Dear Clients and Friends,

For this Update I am sharing a document prepared by Daken Vandenburg, the Chief Investment Officer of the Mass Mutual Trust Company, one of our trusted investment partners. In it Daken sets the market turmoil we are living through in a historical context that I find extremely useful. While what we are experiencing has been said to be sui generis, one of a kind, different from all other bear markets (there has been one about every 6 years throughout the history of the stock market, and people usually say the same sui generis thing each time!) I take some comfort in the conclusion (illustrated by Chart #2 in the attached) that in every case throughout history, years one, three, and five following the bottom of a bear market, the returns have been positive, and generally by a lot. These gains have been achieved in different ways that take into account who the winners and losers of the turmoil have been and the ways in which each downturn creates or is the harbinger of some changes in the way we think about and do business. It’s also the case that each recovery proceeds at its own pace each time (it took the 80% drop in 1929 until the end of WWII to fully recover, some see full recovery in months), but the results suggest that our markets are able to find their way to a new equilibrium and recovery, in spite of prognostications to the contrary. Our system has its deep and abiding flaws – many of which are in the spotlight at times like this — but it’s hard to argue that it does not have an internal logic that so far at least has helped avoid the apocalypse, even in 1929. The 2007 meltdown had many thinking that it was signaling the end of capitalism. I’m sure you can think of other events (the Spanish Flu, the tech bubble, 9/11) that led to similar conclusions, but to me it’s clear that the “system” grinds on and readjusts and has so much power and so many self-protective and self-generating mechanisms at its disposal that it’s here to stay, until the revolution (and I don’t mean Bernie’s!).

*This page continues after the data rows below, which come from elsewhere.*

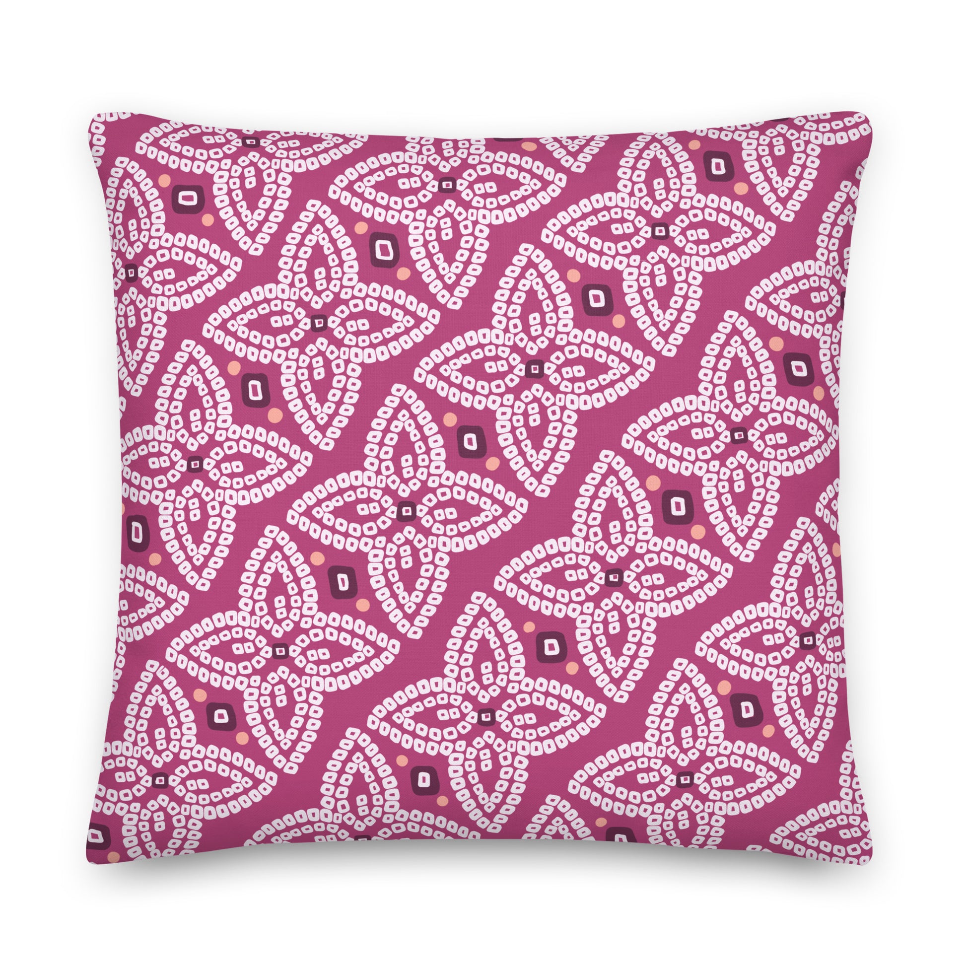 Inspired by Northern Indian prints and textiles, this bold premium feel pillow will add a pop of color to your space. This pillow is double-sided, with one side green and the other purple. Available in 3 sizes: 18x18, 22x22 and 20x12.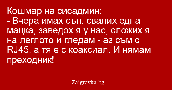- Вчера имах сън: свалих една мацка, заведох я у нас, сложих я на леглото и гледам - аз съм с RJ45, а тя е с коаксиал. И нямам преходник!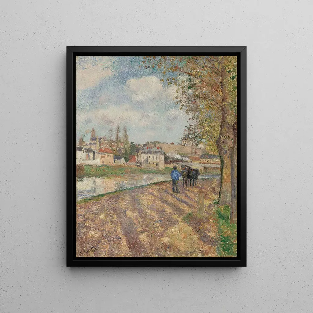 Reproduktion Chemin de l'écluse Saint-Ouen-l'Aumône - Camille Pissarro – Introduktion som fångar intresset L'œuvre "Chemin de l'écluse Saint-Ouen-l'Aumône" av Camille Pissarro är en inbjudan att fördjupa sig i den livfulla världen från slutet av 1800-talet. Denna målning, fylld av ljus och liv, förflyttar betraktaren till ett lantligt landskap där naturen och människans aktivitet vävs samman i harmoni. Pissarro, en ikonisk figur inom impressionismens rörelse, lyckas fånga själva essensen av ett flyktigt ögonblick, fastnat för alltid på duken. Konsttrycket av detta verk gör det möjligt att fullt ut uppskatta den finstämda penseldragningen och den ljusfulla paletten som kännetecknar konstnärens stil. När man betraktar denna scen känner man en djup koppling till det förflutna, som om varje penseldrag berättar en bortglömd historia. Stil och unikhet i verket Pissarro's stil utmärker sig genom sin förmåga att översätta ljus och atmosfär i ett exakt ögonblick. I "Chemin de l'écluse Saint-Ouen-l'Aumône" blandas nyanser av grönt och blått med sådan flyt att de tycks vibrera inför betraktarens ögon. Personerna, även om de ofta är sekundära i hans kompositioner, tillför en mänsklig dimension till landskapet. De framkallar ett enkelt liv, en tillvaro i harmoni med naturen. Vägen som slingrar sig genom målningen blir en metafor för resan, både fysisk och emotionell. Varje detalj, från lövverket till vattnets reflektioner, vittnar om noggrann observation och en känslighet för livets flyktiga skönhet. Detta verk är en sann hyllning till naturen och lugnet, en konstnärlig skapelse som inbjuder till eftertanke. Konstnären och hans inflytande Camille Pissarro, född 1830, anses ofta vara impressionismens fader. Hans nyskapande tillvägagångssätt har djupt påverkat många konstnärer under hans tid och generationer framöver. Pissarro var en passionerad förespråkare för direkt observation av naturen, och hans resor genom Frankrike berikade hans visuella repertoar. Hans förmåga att fånga nyanser av ljus och variationer i färg öppnade vägen för ett nytt sätt att se på världen. Som mentor ledde han vägen för många.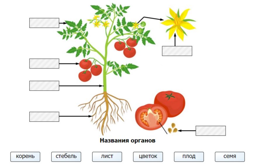 Задание 7. Установите соответствие между органами растения томат, изображённого на рисунке, и их названиями, перетаскивая названия органов к соответствующим стрелкам.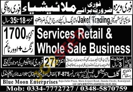 Immediate Hiring for Retail and Wholesale Staff - Work in Malaysia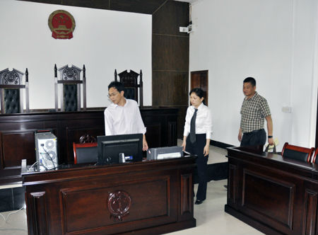 在洗马法庭,胡福东院长察看了法庭新改造的诉讼引导、诉讼服务、调解室和审判庭等,并就如何积极应对立案登记制给审判工作、法庭工作带来新的变化,与法庭干警进行了座谈。

I also want to share a financial planning perspective. We’ve spoken in depth with many of our clients now, and while I’m happy to report that the number of those who have insisted on selling off all or a large portion of the stock portion of their portfolio at a significant, permanent loss remains very low, it’s clear that many have the general perception that the losses in their portfolio are all but permanent, and that a drop in today’s market value of their investments has permanently altered their investment landscape and therefore their prospects for a comfortable life. For many it’s only a feeling, but it’s one that gets expressed potently in many ways. For example, our planning clients will suggest that because the value today of their equities is depressed, we need to re-jigger their plan and lower expectations of income or asset appreciation, and therefore lower expenses. The antidote to this emotional leap into the abyss is that the anticipated investment return rate that the plan is based on the assumption that the market will go up and down, that there will be bears, both teddy and grisly, and that there will be bulls, with or without horns. So that when we project an ongoing rate of return of 6%, for example, we are ALREADY assuming that in some years there will be returns that far exceed that (look at the last one), and years that disappoint (maybe this year), and sometimes disappoint badly. We also assume that expenses remain relatively stable and consistent with the projections in the plan. But when it all gets averaged out over the LONG TERM, it is reasonable to expect that 6%, or whatever the asset allocation predicts, is a reasonable expectation. So no, we don’t have to re-do the plan – that is, unless the client, working with us, reassesses the level of risk he or she is comfortable with, or the time horizon has been altered and changes the asset allocation accordingly going forward once the smoke has cleared. The planner’s job is to help stay focused on the plan and corresponding asset allocation, taking into account the fact that portfolios are already being automatically reallocated by the volatility on a daily basis – a 60/40 portfolio after stocks have lost 25% of their value is no longer 60/40 but is closer to 50/50.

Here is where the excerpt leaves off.